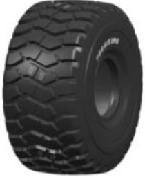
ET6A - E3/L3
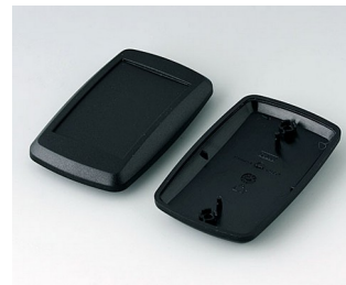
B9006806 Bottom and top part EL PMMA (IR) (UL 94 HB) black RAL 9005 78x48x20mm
==
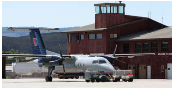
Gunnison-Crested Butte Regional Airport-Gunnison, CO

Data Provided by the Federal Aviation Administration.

WHAT NEEDS TO BE DONE — Copy the lines above between the one holding "ET6A - E3/L3" and the one holding "B9006806 Bottom and", inclusive. Drop the pictures.

RESPONSE BELOW —
ET6A - E3/L3
B9006806 Bottom and top part EL PMMA (IR) (UL 94 HB) black RAL 9005 78x48x20mm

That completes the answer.